In the records that follow, find the line containing "Oficjalną ceremonię ważenia" and the line containing "虎口脱险吉他谱,中国好声音张", then transcribe both and every line between them exactly, omitting pictures.

> INFORMATION GIVEN:
· · · · · · ·
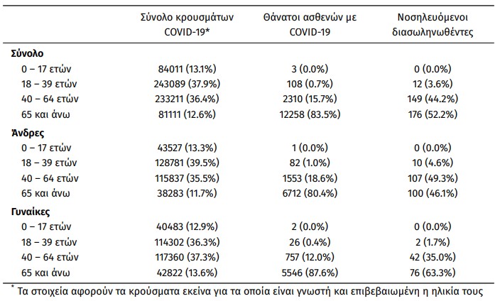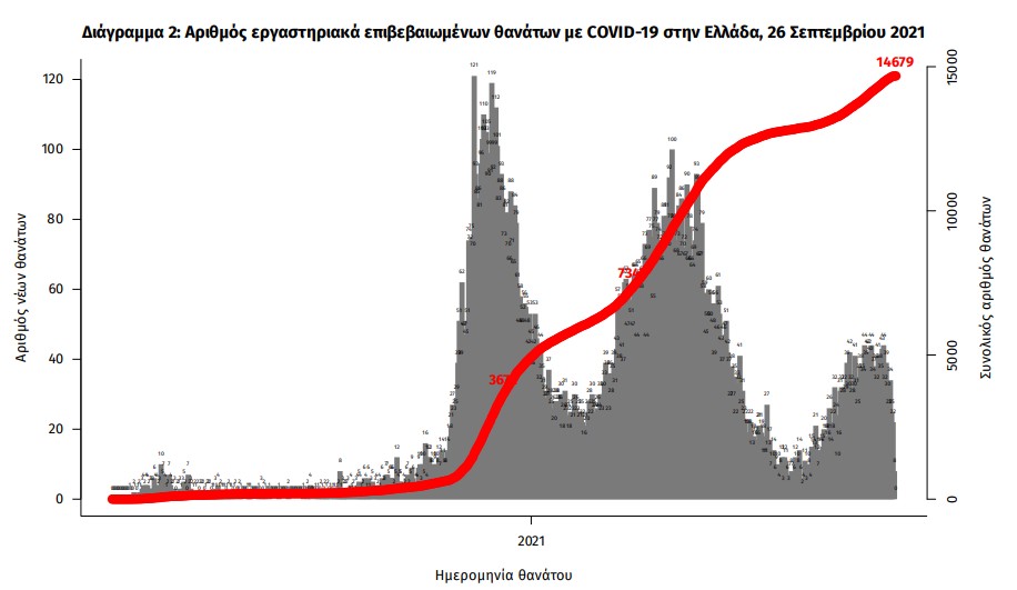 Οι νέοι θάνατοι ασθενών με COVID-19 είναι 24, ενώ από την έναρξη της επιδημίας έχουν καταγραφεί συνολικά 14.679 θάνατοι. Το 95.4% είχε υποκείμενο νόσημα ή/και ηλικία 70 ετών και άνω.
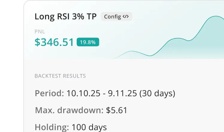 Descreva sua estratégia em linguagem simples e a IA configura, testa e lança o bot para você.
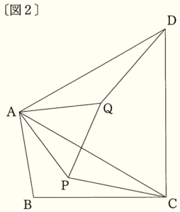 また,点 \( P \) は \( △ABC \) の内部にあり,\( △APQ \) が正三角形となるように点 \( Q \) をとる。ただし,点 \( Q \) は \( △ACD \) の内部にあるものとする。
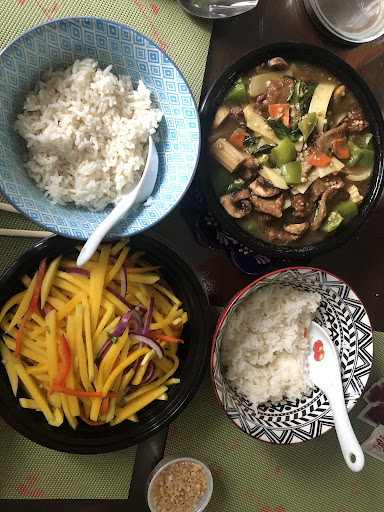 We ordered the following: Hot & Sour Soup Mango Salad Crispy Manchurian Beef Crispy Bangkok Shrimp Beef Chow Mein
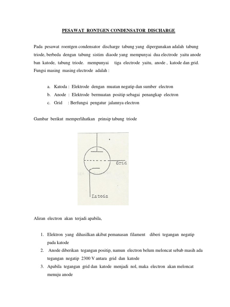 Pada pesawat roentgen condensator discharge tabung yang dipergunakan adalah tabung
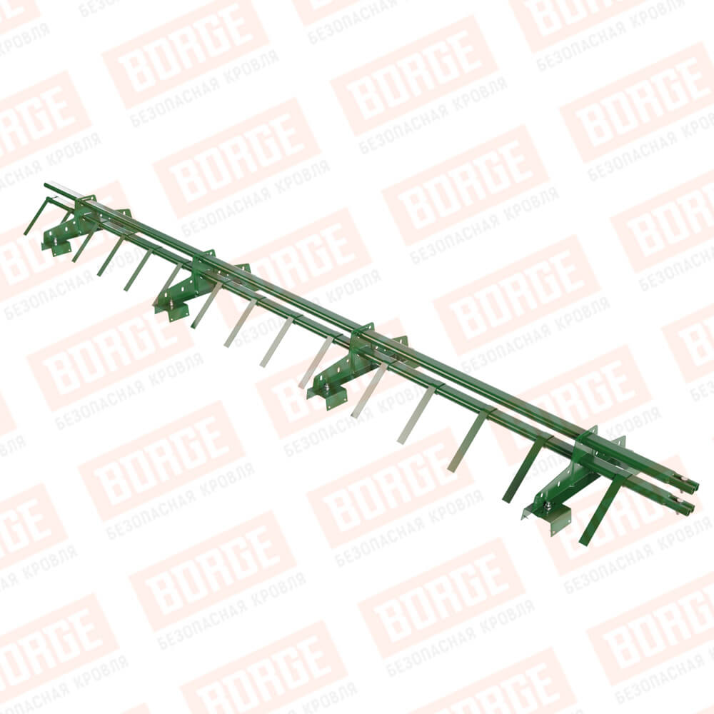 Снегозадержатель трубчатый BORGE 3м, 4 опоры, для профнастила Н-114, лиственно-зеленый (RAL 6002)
· · · · · · ·
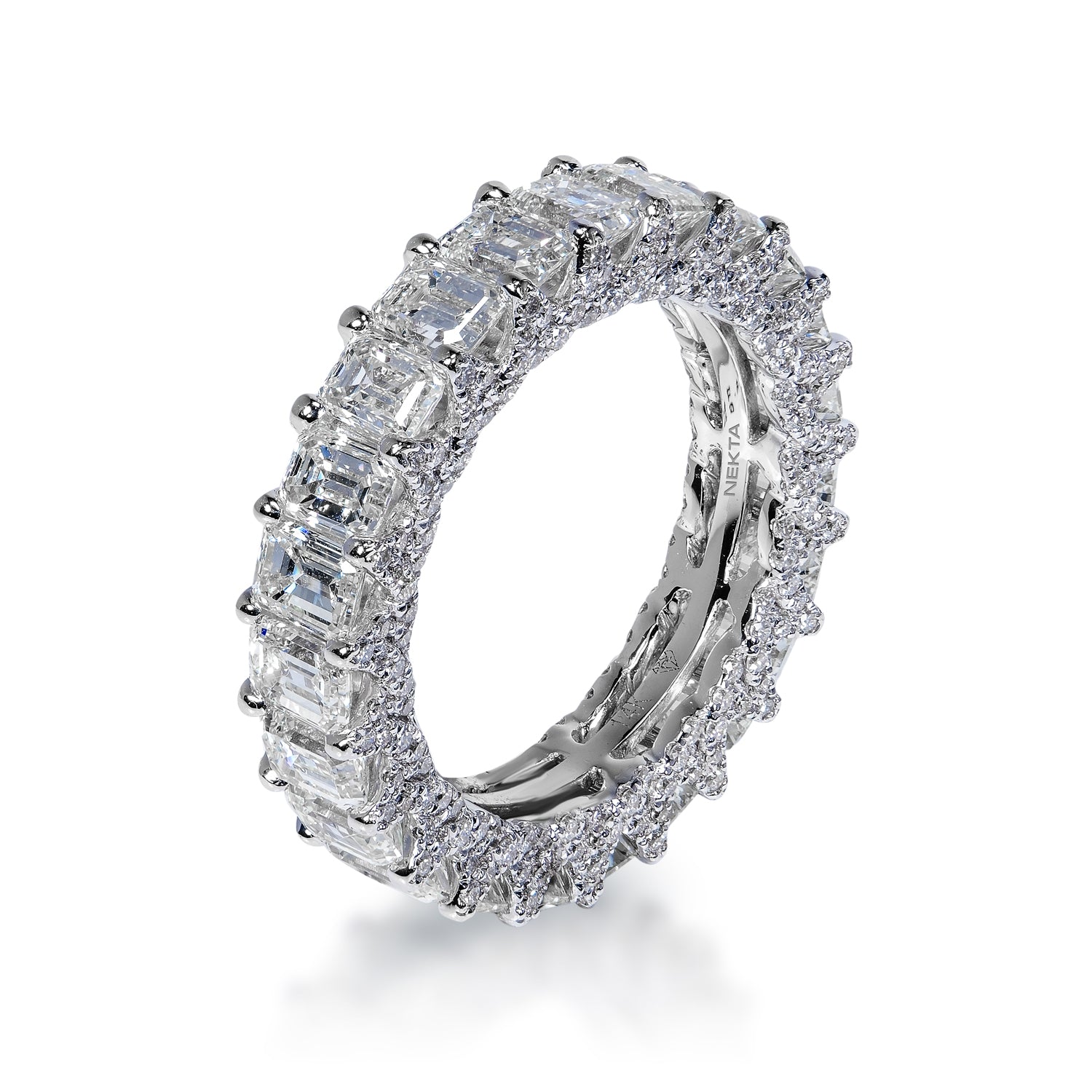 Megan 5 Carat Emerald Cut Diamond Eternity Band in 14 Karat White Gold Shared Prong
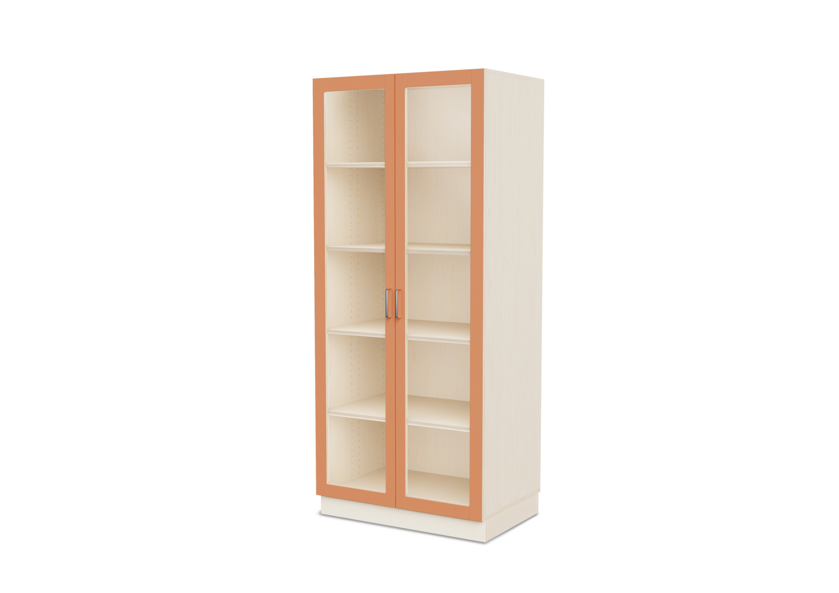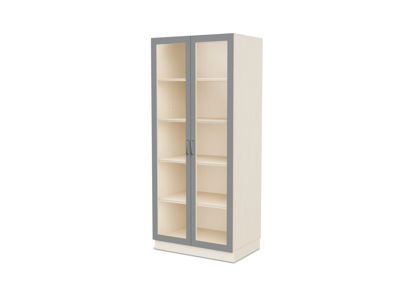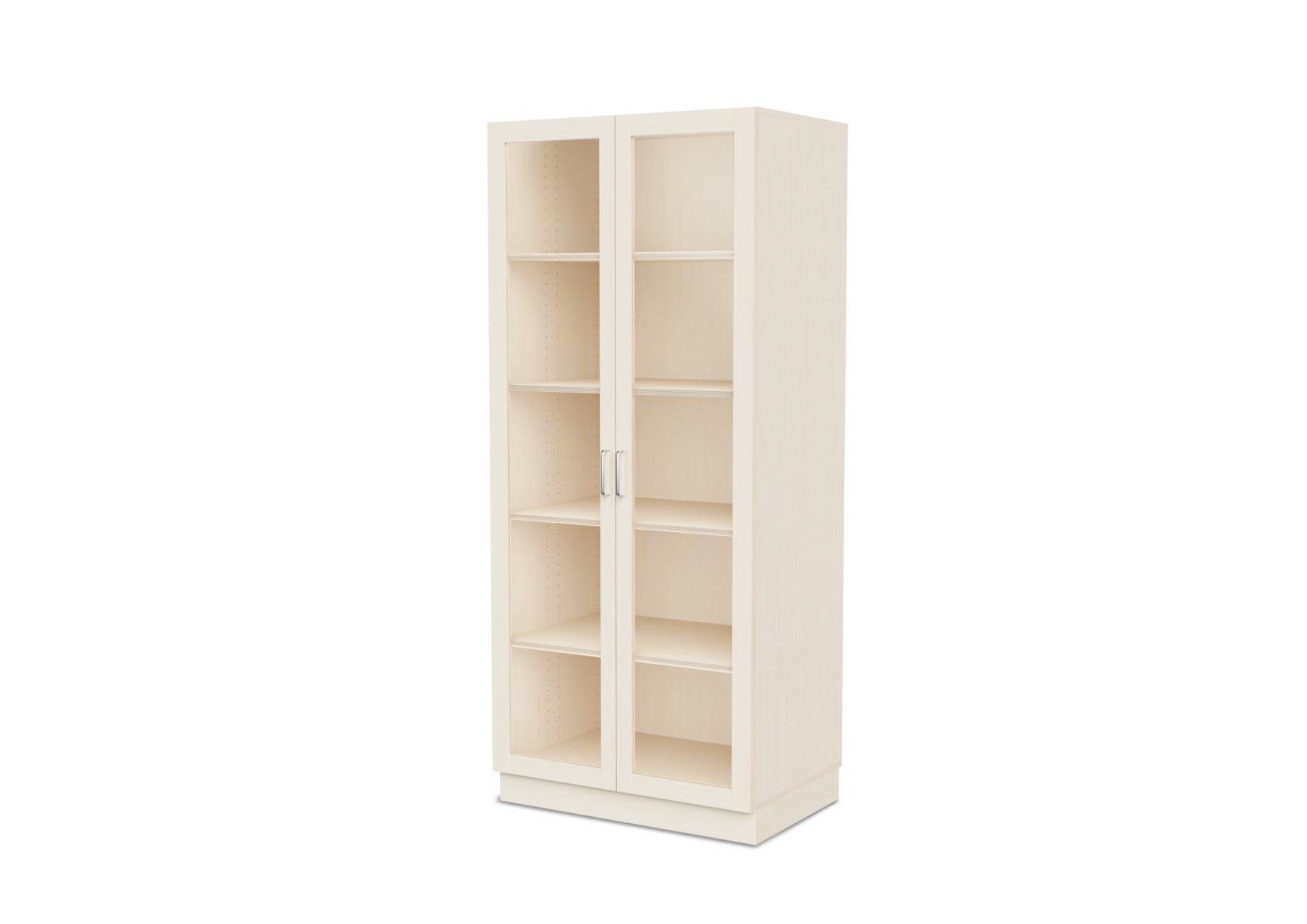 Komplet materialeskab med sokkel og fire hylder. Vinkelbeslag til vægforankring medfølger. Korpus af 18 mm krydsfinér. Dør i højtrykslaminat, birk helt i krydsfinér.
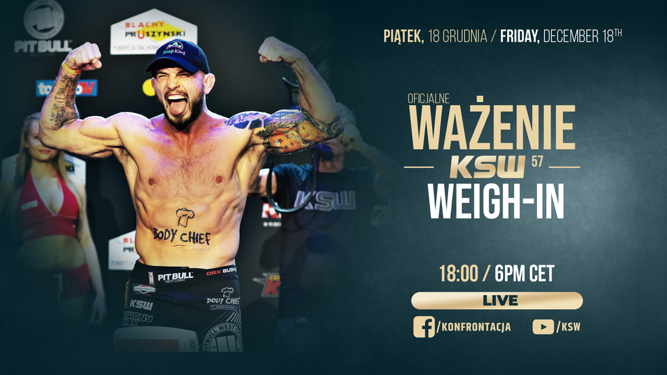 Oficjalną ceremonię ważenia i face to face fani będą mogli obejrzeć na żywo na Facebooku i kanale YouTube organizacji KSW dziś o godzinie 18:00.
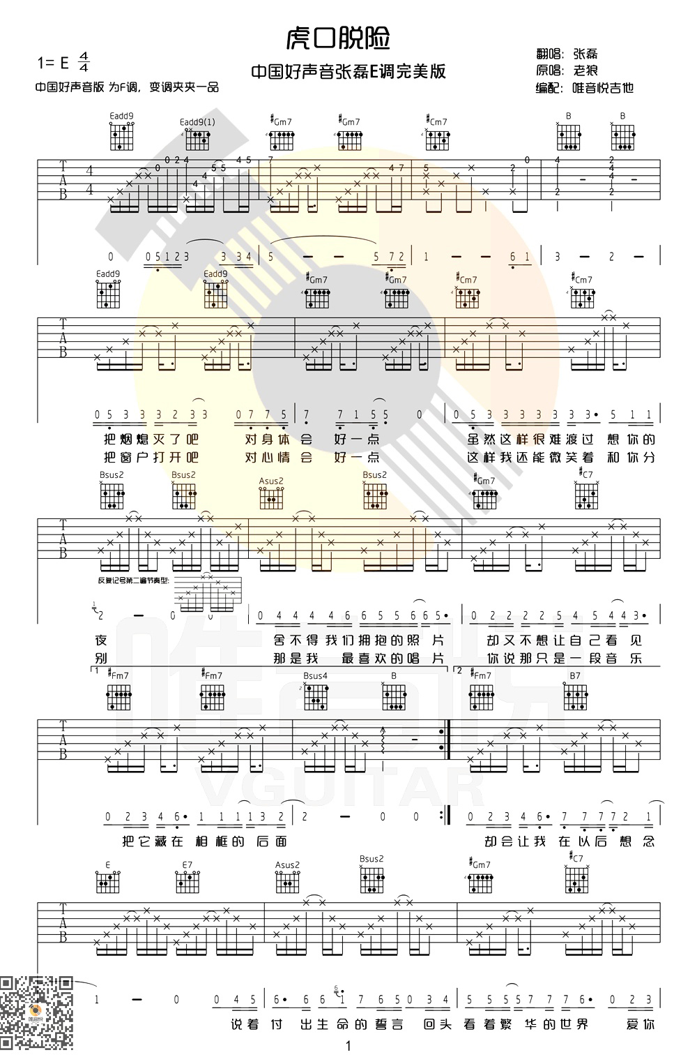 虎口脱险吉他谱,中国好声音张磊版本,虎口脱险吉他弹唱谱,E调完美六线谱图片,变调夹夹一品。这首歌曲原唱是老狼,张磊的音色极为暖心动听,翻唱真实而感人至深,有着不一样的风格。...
· · · · · · ·
> EXERCISE ANSWER:
 Oficjalną ceremonię ważenia i face to face fani będą mogli obejrzeć na żywo na Facebooku i kanale YouTube organizacji KSW dziś o godzinie 18:00.
 虎口脱险吉他谱,中国好声音张磊版本,虎口脱险吉他弹唱谱,E调完美六线谱图片,变调夹夹一品。这首歌曲原唱是老狼,张磊的音色极为暖心动听,翻唱真实而感人至深,有着不一样的风格。...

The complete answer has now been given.